It's also curious that the boxes (supers included) have volume for about 20 brood + 20 super frames but they only supply 10 brood and 10 super frames. How ... inconvenient. Also, why five-frame supers? It would be less costly to supply ten-frame supers and drop two of the queen excluders. You could still run it as a double-hive (there's a separator board for doing just this).

Silly, silly. Still, someone will buy them. Probably not enough to keep them in production for very long, though.


----------



## BillSF9c (May 18, 2007)

What does one say... Modern? Plastic? <g> Interesting... There is at least some study done before one commits money to the plastic molds, and initial small production runs, which are *not* inexpensive. The down side is that initial work is done either in concept-only form, (i.e., paper, imaginary,)
or was done by slightly crude fabrication, by flat plastic sheets, fiberglass, or wood/etc. Once molds are made, and money committed, there can be little redesign if flaws are found.
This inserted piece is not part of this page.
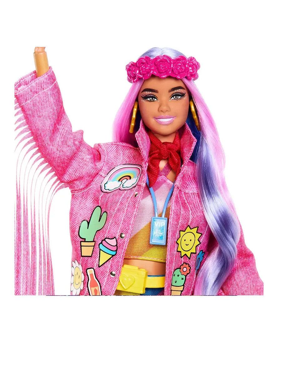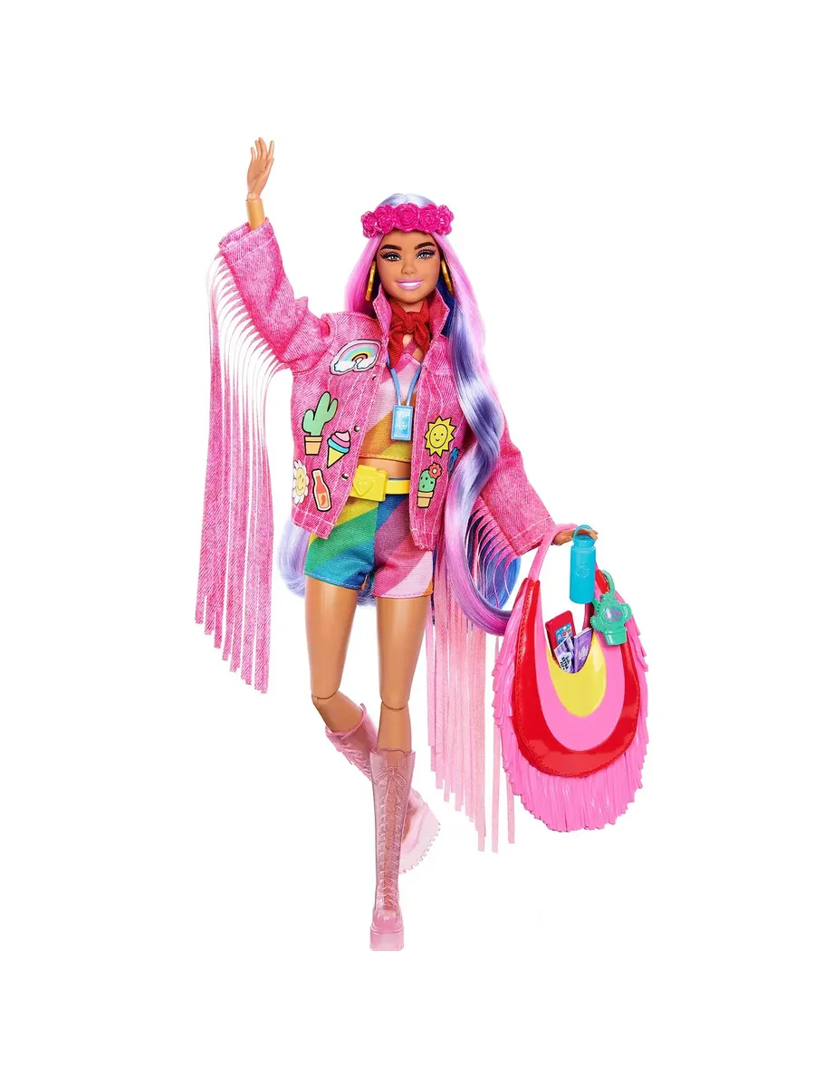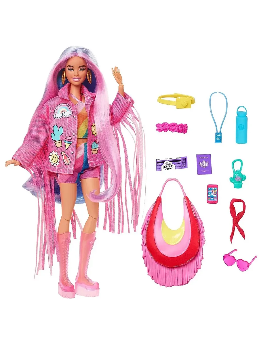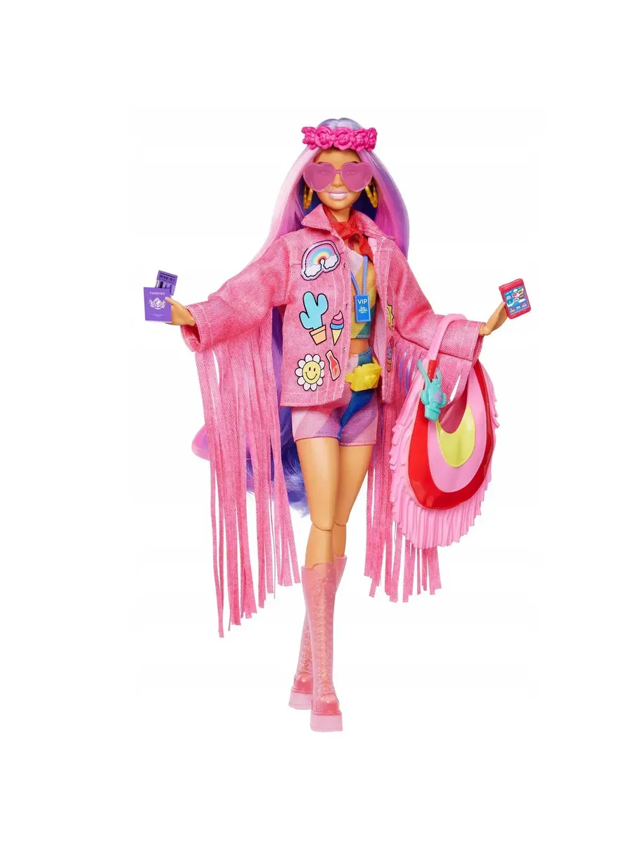 Розовая джинсовая куртка с бахромой придаст ей неповторимый образ, а розовые ботинки добавят стильности. А что еще? В комплекте с куклой идут 15 аксессуаров, среди которых вы найдете корону из розовых цветов, VIP-бейдж, очки в виде сердечка и сумку для фотоаппарата на ремне. Куклы Barbie Extra Fly с таким количеством фантастических аксессуаров для путешествий станут идеальным подарком для детей, которые любят моду, путешествия и приключения.
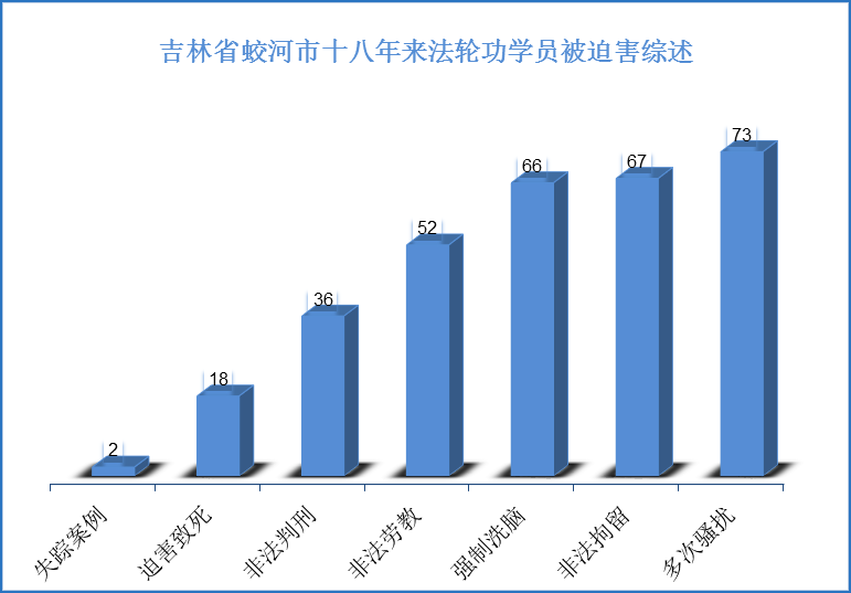 【明慧网二零一八年五月二十四日】(明慧网通讯员吉林报道)据明慧网报道不完全统计,自一九九九年七月江泽民流氓集团发动对法轮功的迫害以来,截止二零一七年十二月末,吉林省蛟河地区法轮功学员至少有18人遭迫害离世;2人失踪;36人被非法判刑;52人次被非法劳教;另有被绑架到洗脑班、拘留所、派出所折磨迫害的;被电话监控骚扰、敲门骚扰和骚扰家人等,几乎每个法轮功学员都遇到过。

One *must* sell them. The upside is that bees are often happy in plastic garbage cans, so the design probably is at least, adequate.

It was interesting to hear a video from the inventor say that it had the capacity (in size) to survive, where as ordinarily it takes two hives to do so.
As to cost, one needs to recoups some monies after engineering costs occur so initial product is often higher, than later production runs. 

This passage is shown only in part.